- Education: Harvard University, Massachusetts Institute of Technology
- Known for: chromosome mechanics
- Awards: Thomas Hunt Morgan Medal (2016)
- Scientific career
- Workplaces: Harvard University
- Doctoral advisor: Ethan Signer
- Doctoral students: Victoria Lundblad

= Nancy Kleckner =

American molecular biologist

Nancy Kleckner is the Herchel Smith Professor of Molecular Biology at Harvard University and principal investigator at the Kleckner Laboratory at Harvard University.

== Education ==
Nancy Kleckner worked with Matt Meselson as an undergraduate at Harvard University, earning her degree in 1968. She then moved on to do her PhD at Massachusetts Institute of Technology working with Ethan Signer on the genetics of lambda phage and DNA replication.
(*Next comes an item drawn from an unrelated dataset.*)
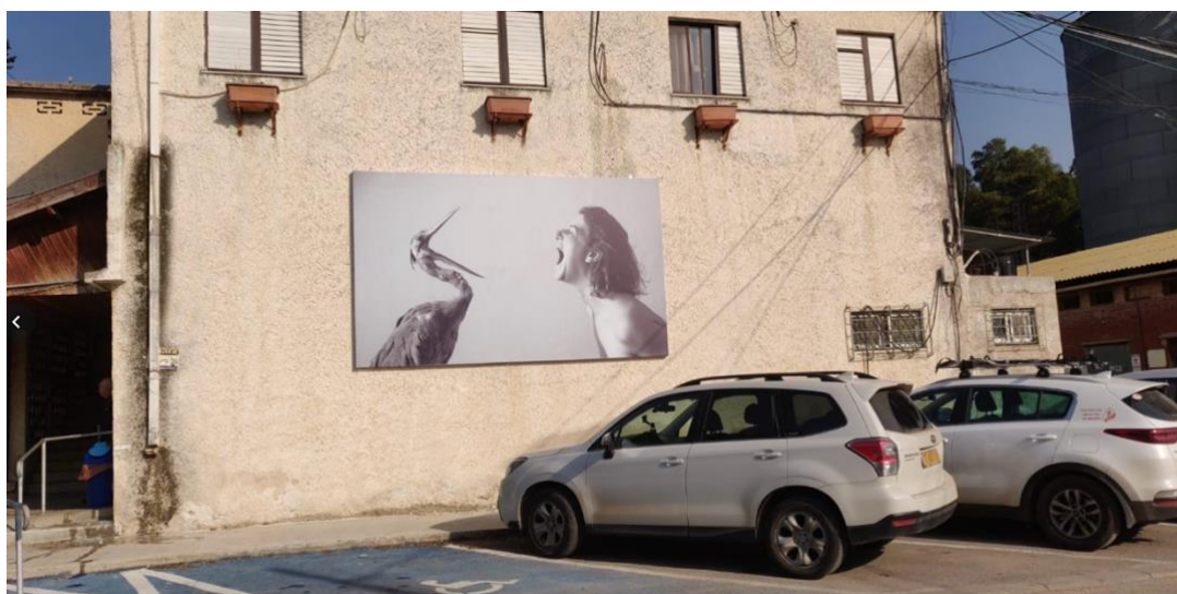
הצילום על הקיר הדרומי של בניין הצרכנייה

גם אל סידור האוסף היא מתייחסת באופן חתרני: בשונה ממוזיאונים העוסקים במיון, ארגון וקטלוג, ומסדרים את אוסף המוצגים במערכי ידע שמייצרים משמעות ומספרים סיפור - בראור פועלת בתוך המרחב המוזיאלי כפורעת סדר, ומתוך התנגדות למעמדו ההגמוני של המוזיאון ולחוקיו. היא בוחרת ומרימה אובייקטים מהתצוגה, ומגיבה אליהם באופן אינטואיטיבי באמצעות הגוף והחושים. בכך היא מציעה יחס של סקרנות, תשוקה ומשחקיות, על פני צפייה בהם כאובייקטים של ידע. הנכחת גופה החי והפגיע של האומנית בתוך המוזיאון, חותרת תחת המאמץ המוזיאלי להקפיא את הזמן ולמנוע את המהלך הטבעי של כל היצורים: להתפורר ולהתכלות.

She did a postdoc under David Botstein at Princeton University in 1974.

== Career ==
Kleckner returned to Harvard as a professor in 1977 and was awarded tenure in 1985. Her first graduate student at Harvard was Victoria Lundblad, who discovered the gene-enzyme systems of yeast that control formation of telomeres.

Her work in transposons and mutagenesis has been largely productive, and led her to study the physical mechanism of chromosome replication. She discovered SeqA, a protein involved in initiation of DNA replication.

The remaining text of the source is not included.